Drive towards Liverpool on the M62 motorway and, just before the exit for St Helens, you might get a tantalising glimpse on your right of something large and white on a hill-top, which then disappears behind trees. It's an astonishing piece of work by the Spanish sculptor, Jaume Plensa, whose creations are on display all over the world, in places including London, Chicago, Nice, Antibes... and now St Helens.
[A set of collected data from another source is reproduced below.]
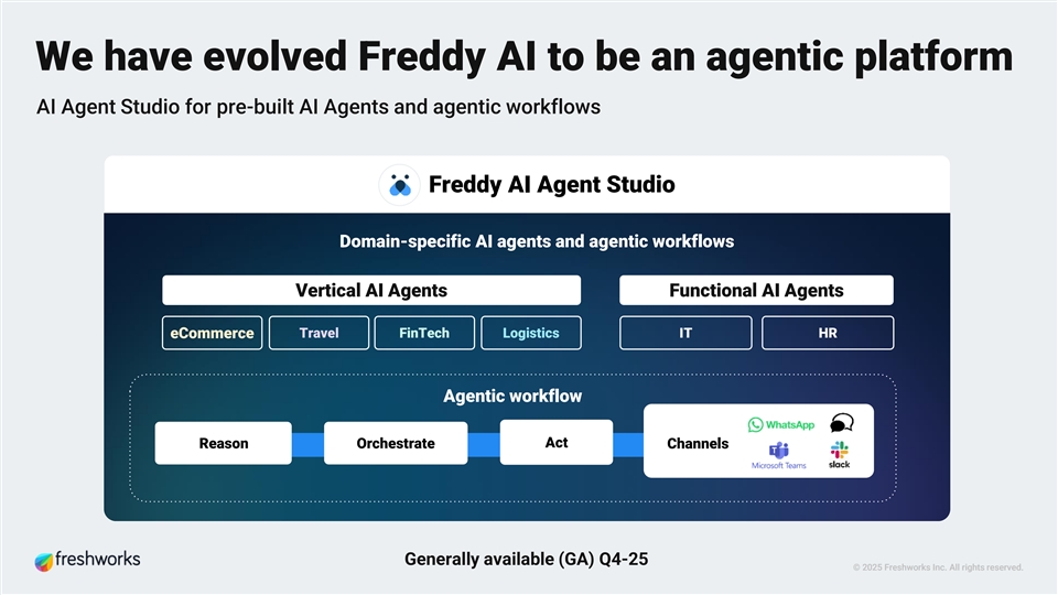 We have evolved Freddy AI to be an agentic platform AI Agent Studio for pre-built AI Agents and agentic workflows Freddy AI Agent Studio Domain-specific AI agents and agentic workflows Vertical AI Agents Functional AI Agents eCommerce Travel FinTech Logistics IT HR Agentic workflow Reason Orchestrate Act Channels Generally available (GA) Q4-25 © © 2 20 02 25 5 F Fr re es sh hwo wor rks ks Inc. Inc. All All r ri ig gh ht ts s r re es se er rv ve ed d. .
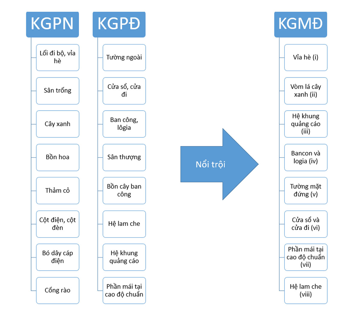 KGMĐ nhà phố bao gồm 2 không gian thành phần cơ bản là không gian phương ngang và không gian phương đứng (bài viết này chỉ xét trường hợp tường mặt đứng trùng với ranh lộ giới), trong đó:
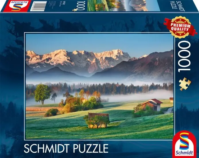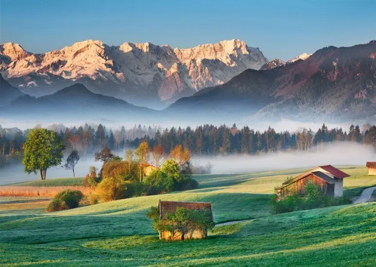 Vy över Garmisch-Partenkirchen i den tyska delstaten Bayern. I förgrunden ett grönt böljande landskap i morgondis som gränsar mot skogen, och i bakgrunden tronar den solbelysta bergskedjan.
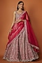 Featuring a pink lehenga in slub silk base with mirror and zari embroidery. It is paired with a blouse and an organza dupatta. Accentuate it with statement jewellery and heels for a wedding or engagement ceremony.
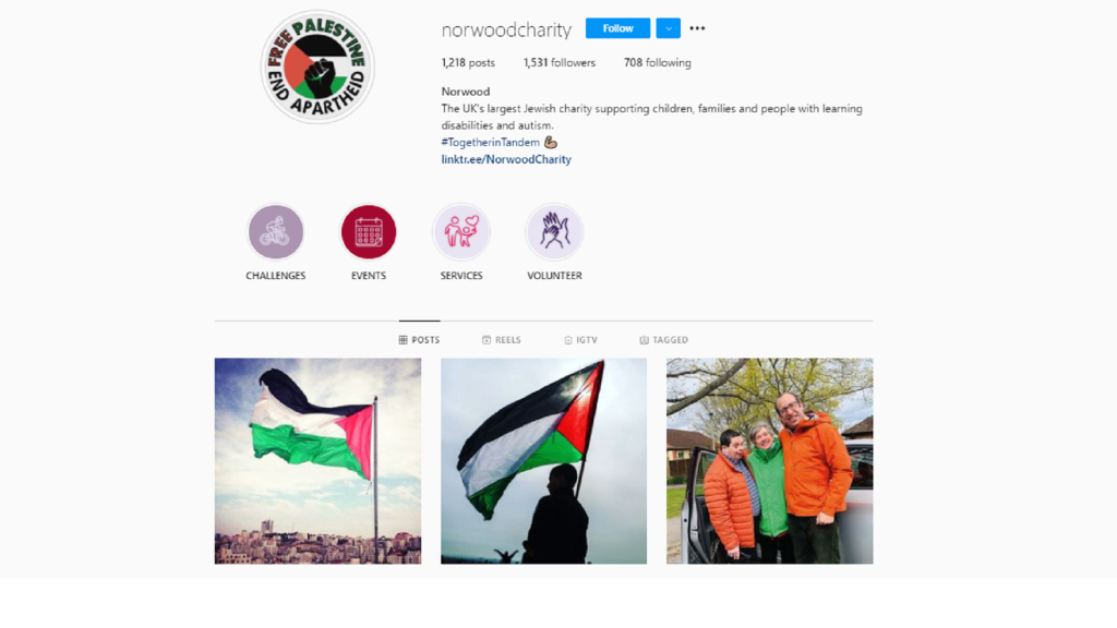 Instagram page of leading Jewish charity for children with learning disabilities hacked and plastered with “Free Palestine” messaging

The Merseyside town is best-known for two things – it's the home of Pilkington Glass, and of one of the greatest rugby league teams in the world. And now it has something else to be proud of - a huge work by a sculptor of international renown, which commemorates another part of the history of St Helens: the coal mines.
Sutton Manor Colliery
The Sutton Manor Colliery dates back to 1906, when the first mine shaft was sunk, and by the 1960s about 1500 men worked at the pit. When it closed in 1991 (the last mine in St Helens to close down) it was still employing 450 men and had recently broken its record for coal produced in one week, with 12,000 tonnes hauled out of the earth.
There then began a transformation of the colliery site, as it was given to the Forestry Commission and over 50,000 trees were planted to create a wooded park for local people to enjoy. Some of those people, including miners who had spent all their working lives beneath the ground here, wanted something more solid, a lasting monument to remember the mine and those who lived and who died in order to dig out the black gold from the earth.
Jaume Plensa
Jaume Plensa was born in Barcelona in 1955, and one of his most famous works is the Crown Fountain in Chicago. He has also created art works for the Baltic Centre in Gateshead, the BBC's Broadcasting House in London, on the waterfront in Antibes and in Place Masséna in Nice in the South of France.
Jaume Plensa's Dream
For Dream in St Helens Plensa began with a base which was inspired by the circular tallies that miners took with them when they entered the pit, as a means of identification. Above this he put 500 tons of white Spanish dolomite, which looks like marble and is in stark contrast to the black coal which is still abundant under the ground. The 66-foot sculpture is of a girl's head, her eyes closed, dreaming. 'In our dreams anything is possible,' Plensa has said, and his words and his creation were also inspired by the motto of the town of St Helens, Ex terra lucem (From the earth comes light.)
And from the earth of the Sutton Manor Colliery in St Helens has come a work of hope – dreaming of the past, dreaming of the future.